Abstract
Data scientists very often find that a central step in their work, is to implement an appropriate transformation restructuring the originally given data into a new and more revealing form. Although specific domain knowledge can be used to help design representations, data-driven learning with generic priors can also be used, and the quest for AI is motivating the design of more powerful representation-learning algorithms implementing such priors. In order to make it possible to apply machine learning to different domains, it is very important to make learning algorithms less dependent on manual feature engineering, so that novel AI based applications could be developed faster.
The work in this thesis focuses not only on the mapping from representation to output but also the representation itself by mining hidden patterns from available data. Keeping this in mind, we propose a learning model to alleviate difficulties involved in feature engineering through automation. We develop a learning model, based on regression between feature pairs, that discovers underlying patterns and its variations in the data, by the way features are related to each other and selects a very small number of new features to create a significant improvement in predictive performance. Because this model takes into account the inherent feature structures, we took our next motivating example from bioinformatics. The features in this domain have some natural spatial order (for instance, in the medical domain, genes are often associated with different types of clinical features) and thus incorporating such structure can help select more important features and achieve more accurate classification accuracy. It also provides better readability and interpretability to the models.

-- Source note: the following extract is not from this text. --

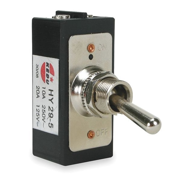 Toggle Switch, Contact Form DPST, Number of Connections 4, Switch Function On/Off, AC Contact Rating 10A @ 250V AC, 20A @ 125V AC, HP 1 1/2 hp, Terminals Screw, Mounting Hole 0.50 in dia, Actuator Style Bat, Actuator Length 0.68 in, Stem Length 0.5 in, Stem Dia. and Thread Size 0.500 in, Operating Temp. Range 185 Degrees F, Standards UL Listed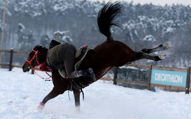 Uludağ'da atların kar banyosu keyfi

The final component of the work focuses on the problem of fake news detection. The low cost, easy access and rapid circulation of information over the internet has encouraged more people than ever, to seek out and consume news from online sources or social media rather than traditional news organizations. While the traditional (count-based) feature engineering strategies for textual data are effective methods for extracting features from text, due to the inherent nature of the model being just a bag of unstructured words, we lose additional information like the semantics, structure, sequence and context around nearby words in each text document. This formed as a motivation for us to explore more sophisticated models which can capture this information and give us features which are vector representation of words. Keeping in mind that fake news is intentionally written to mislead readers to believe false information, it can be difficult to detect it, solely based on news content. Therefore, we need to include auxiliary information, such as user social engagements on social media, to help make adetermination. We therefore design, a novel attention based hybrid network which integrates the article information along with the meta data and claims of the news articles.